Sorry: the state of reading is quite simply never as bad as people make it out to be. If it were, would there be the constant deafening roar of a million hysterical readers telling us we aren’t reading as much as we used to?
And just what sort of reading do we mean here, or wherever we’re stirring up a literary moral panic? Plenty of people who never pick up a newspaper or sprawling nonfiction book are reading acutely written political and cultural commentary online every day. If, as I suspect, fiction is what we talk about when we talk about the death of reading, then the worry is even more unfounded: don’t ever start giving a shit about how other people choose to entertain themselves. I’m not about to argue that Twilight isn’t intellectually bankrupt, but we may want to remember that back in Cervantes’ day, all contemporary fiction was considered escapist, hollow and ultimately dangerous trash by those who weren’t on the bandwagon. Don Quixote himself is an association of absurd fantasies and the feeble-mindedness that allows them to prosper.

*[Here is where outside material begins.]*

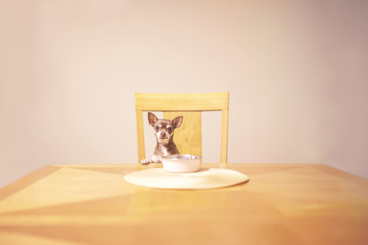 - i've certainly seen my share of photos of dogs at the table, but this one still has its own quiet presence within that crowd of images. the almost monochromatic, minimalist surroundings, and the sweet, calm little dog with the quiet but intense stare. nicely done. ~ illona

Except, of course, the vividness of our errant knight’s hallucinations belie an intensely focused cognitive power that undercuts the notion of reader as unwitting prey. What self-righteous readers hate most about the latest Bad Popular Book, be it by Dan Brown or Danielle Steel, is the level of engagement its fans have with the material, their ability to fully enter a world. I think we long to experience the undeniable rapture and ecstasy of purpose evidenced by midnight book releases and awkward attempts and fan fiction. We talk about such things as though they are somehow beneath us, because we know we will never feel about Joyce and O’Connor and other Important Literature the way these devotees feel about their idols. We relish distance and resist real intimacy or fixation at all costs. And though critical detachment may allow us to mitigate some bias only important in matters of cold evaluation, it keeps us from truly losing ourselves in that rare place which is half the author’s making and half our own.